◆ Task instructions: Extract the stretch of lines that starts at the line with "影帝夏靖庭「在西門町街頭落魄" and ends at the last line of the data below. Give it exactly, without pictures.

━━━ Source information ━━━

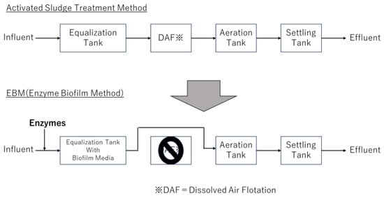 Figure 1, the authors have implemented the Enzyme Biofilm Method (EBM) for over 10 years to address these problems in food factory wastewater treatment facilities. EBM is a pretreatment method that does not require physicochemical treatments such as DAF and does not adversely affect biological treatment. EBM utilizes groups of enzymes in the initial stage to break down soluble organic matter in wastewater into low-molecular-weight compounds. This activates biofilms composed of endogenous microorganisms suspended in the water or attached to carriers, promoting organic matter decomposition. The advantages of EBM compared to the activated sludge method include compatibility with high-load wastewater without the need for physicochemical pretreatment, and its effectiveness even under high Biochemical Oxygen Demand (BOD) volumetric loads [
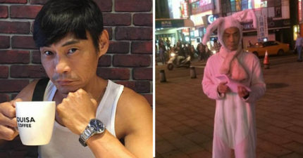 影帝夏靖庭「在西門町街頭落魄發傳單」眼神死,穿粉紅兔子裝「辛苦求生活」明星光環全黑了!
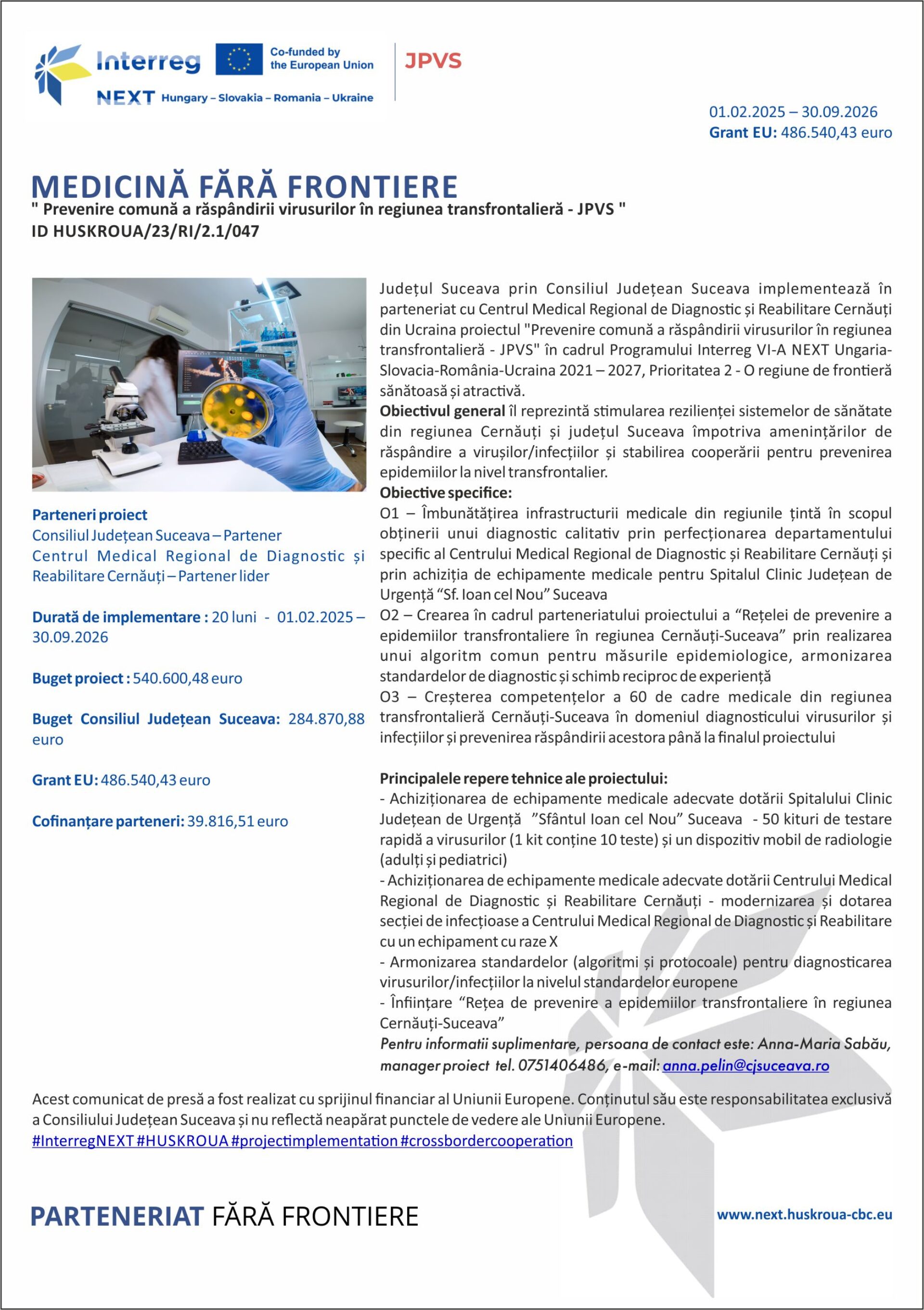 Județul Suceava prin Consiliul Județean Suceava implementează în parteneriat cu Centrul Medical Regional de Diagnostic și Reabilitare Cernăuți din Ucraina proiectul „Prevenire comună a răspândirii virusurilor în regiunea transfrontalieră – JPVS” în cadrul Programului Interreg VI-A NEXT Ungaria-Slovacia-România-Ucraina 2021 – 2027, Prioritatea 2 – O regiune de frontieră sănătoasă și atractivă.
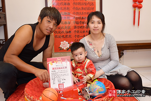 台中市北區謝寶寶抓周推薦:傳家台中店抓周度脺中國風會場,專業嬰兒古禮抓周流程儀式吉祥話、抓周道具物品24種、攝影拍照。爸媽寶貝三人免費穿古裝禮服「日式、中式、韓式。款式200套」抓周證書,DVD光碟。2019.09.22
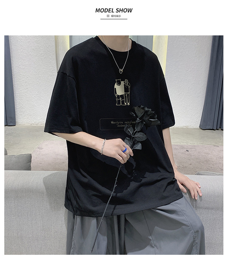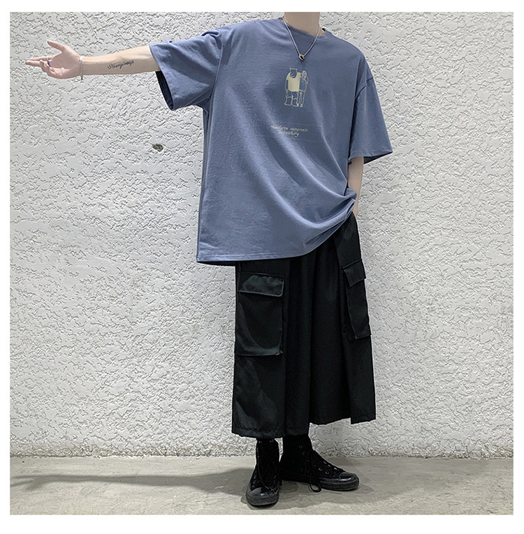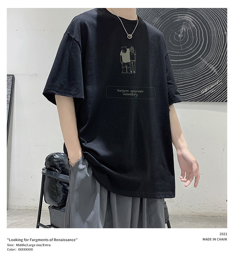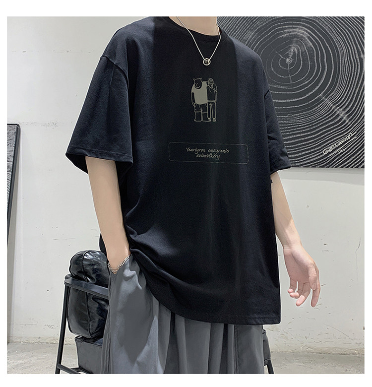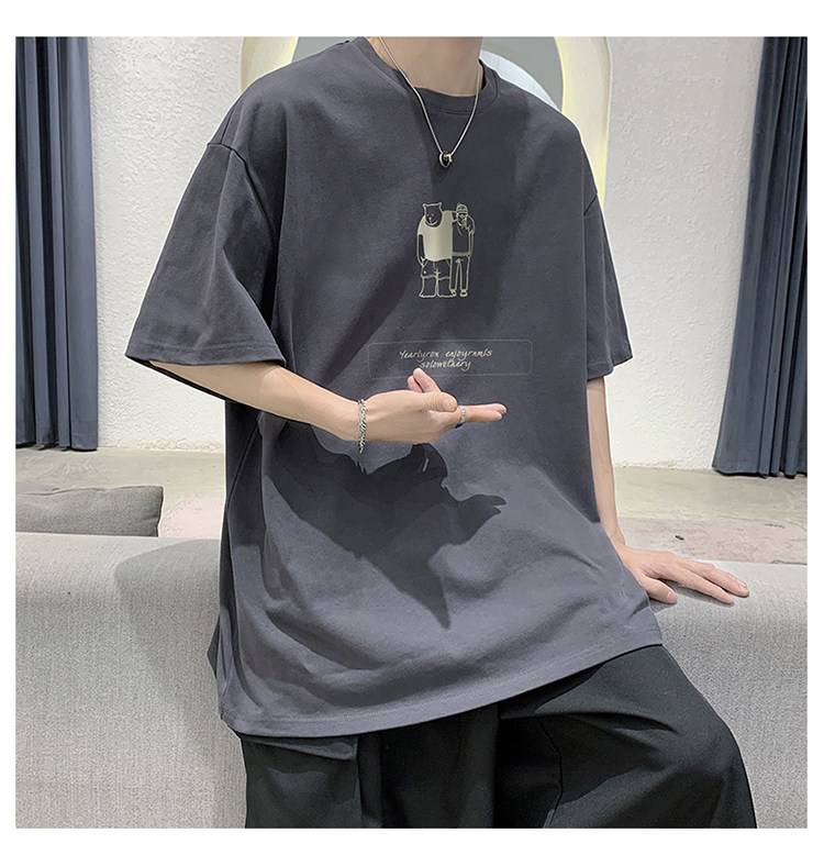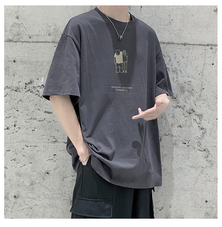 短袖夏季男士t恤韩版潮流宽松半截袖日系体恤潮牌原宿风ins五分袖
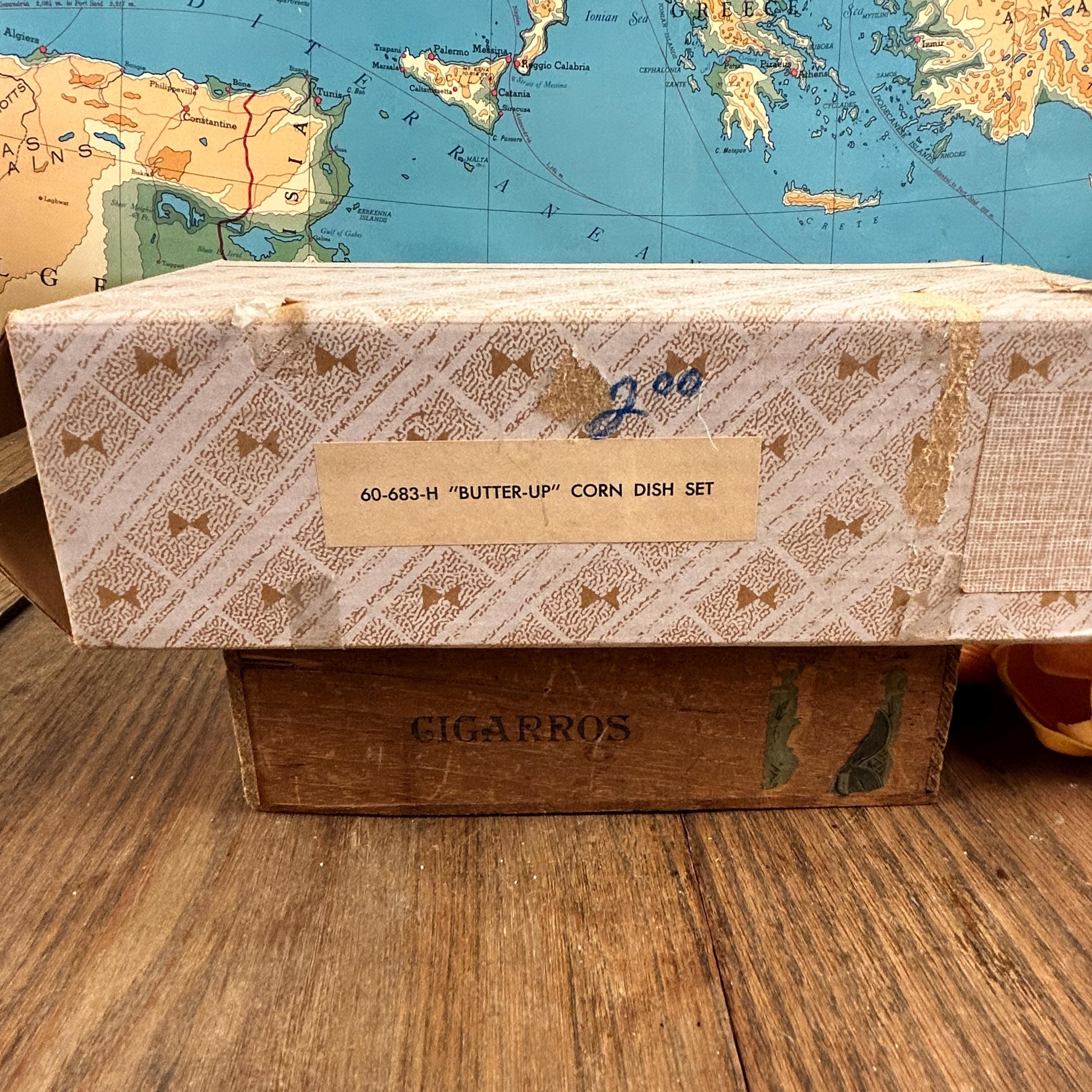 This line was called the "Butter Up" Corn Dish Set. 60-683-H. One of the trays is marked on the back with the Brown & Bigelow logo, Brown & Bigelow, Remembrance Advertising MI 6-4664

━━━

◆ Expected output:
 影帝夏靖庭「在西門町街頭落魄發傳單」眼神死,穿粉紅兔子裝「辛苦求生活」明星光環全黑了!
 Județul Suceava prin Consiliul Județean Suceava implementează în parteneriat cu Centrul Medical Regional de Diagnostic și Reabilitare Cernăuți din Ucraina proiectul „Prevenire comună a răspândirii virusurilor în regiunea transfrontalieră – JPVS” în cadrul Programului Interreg VI-A NEXT Ungaria-Slovacia-România-Ucraina 2021 – 2027, Prioritatea 2 – O regiune de frontieră sănătoasă și atractivă.
 台中市北區謝寶寶抓周推薦:傳家台中店抓周度脺中國風會場,專業嬰兒古禮抓周流程儀式吉祥話、抓周道具物品24種、攝影拍照。爸媽寶貝三人免費穿古裝禮服「日式、中式、韓式。款式200套」抓周證書,DVD光碟。2019.09.22
 短袖夏季男士t恤韩版潮流宽松半截袖日系体恤潮牌原宿风ins五分袖
 This line was called the "Butter Up" Corn Dish Set. 60-683-H. One of the trays is marked on the back with the Brown & Bigelow logo, Brown & Bigelow, Remembrance Advertising MI 6-4664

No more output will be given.